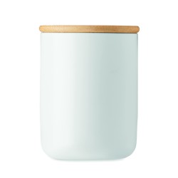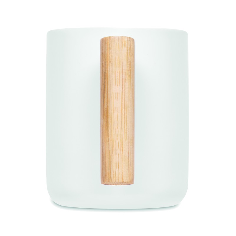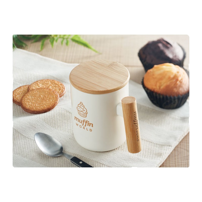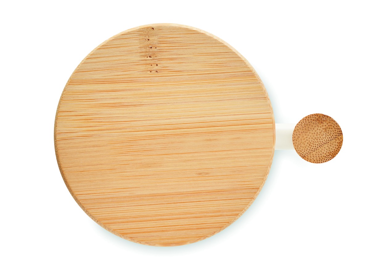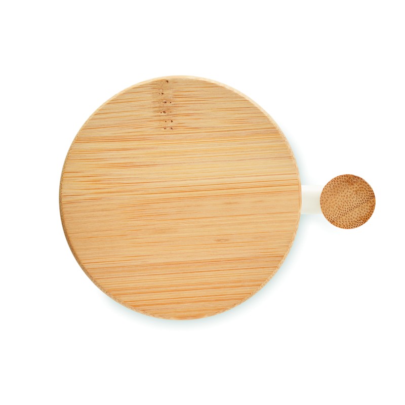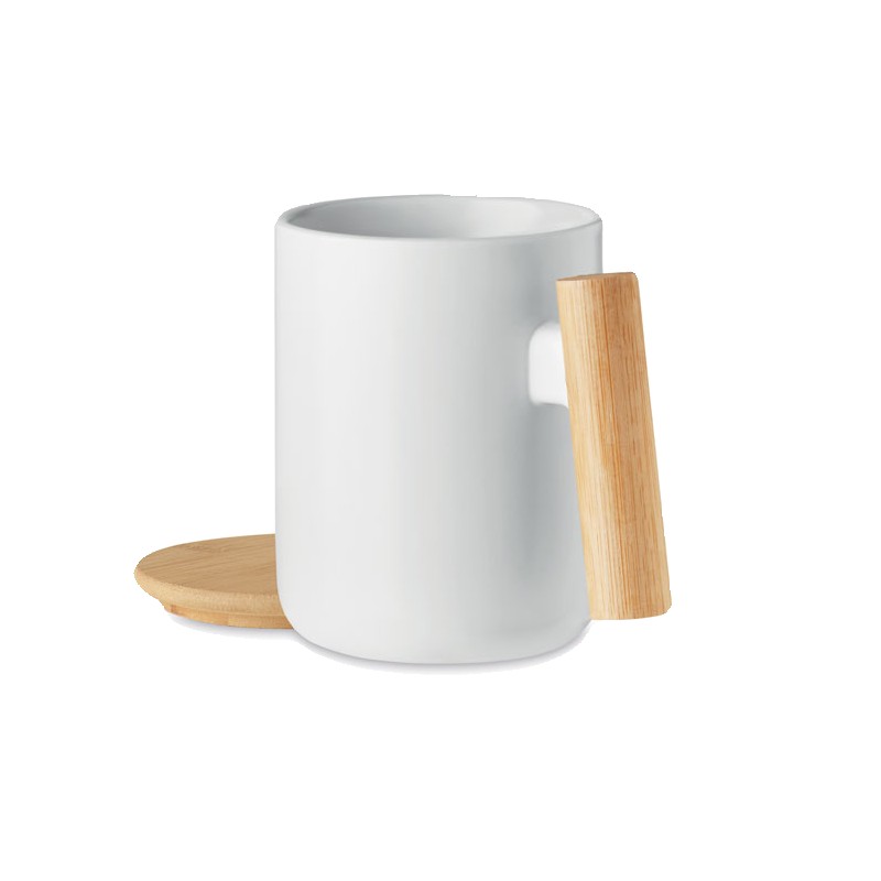 Mug en porcelaine avec couvercle et poignée en bambou. Capacité : 380 ml. Le bambou est un produit naturel, et présente de légères variations de couleur, de décoration et de tailles.
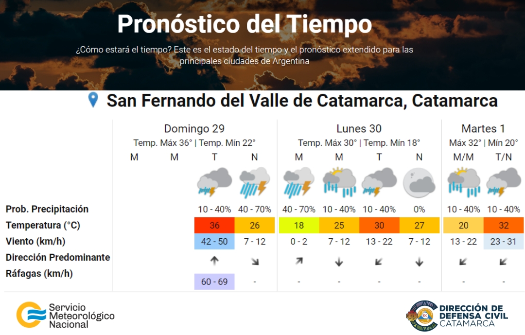 ➡️PRONÓSTICO: Según el pronóstico del tiempo del Servicio Meteorológico Nacional durante la tarde de hoy, se esperan vientos de entre 42 y 50 km/h y ráfagas de entre 60 y 69 km/h en nuestra capital y alrededores.
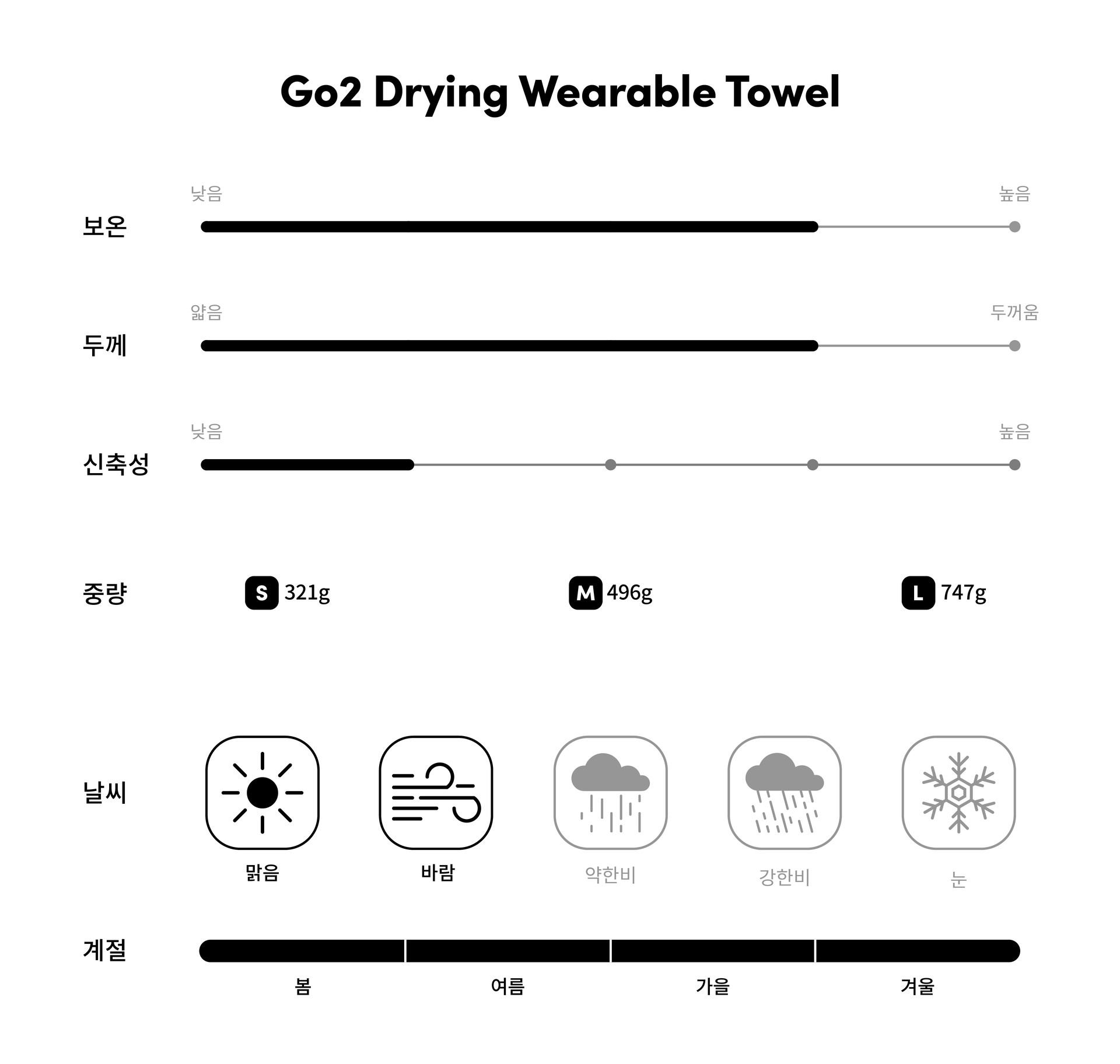 목욕 및 물놀이 후 15~ 20분 정도 젖은 상태에서 입혀두면 80% 이상의 물기가 빠르게 건조됩니다. 이후 가벼운 드라이 또는 빗질로 털을 정리해 주면 보다 쉽게 말려줄 수 있습니다.
________
Problem to work on: The lines to repeat run from the line containing "capital y alrededores." through the end of the listing above, both included; give them exactly and without pictures.

Exercise answer:
 ➡️PRONÓSTICO: Según el pronóstico del tiempo del Servicio Meteorológico Nacional durante la tarde de hoy, se esperan vientos de entre 42 y 50 km/h y ráfagas de entre 60 y 69 km/h en nuestra capital y alrededores.
 목욕 및 물놀이 후 15~ 20분 정도 젖은 상태에서 입혀두면 80% 이상의 물기가 빠르게 건조됩니다. 이후 가벼운 드라이 또는 빗질로 털을 정리해 주면 보다 쉽게 말려줄 수 있습니다.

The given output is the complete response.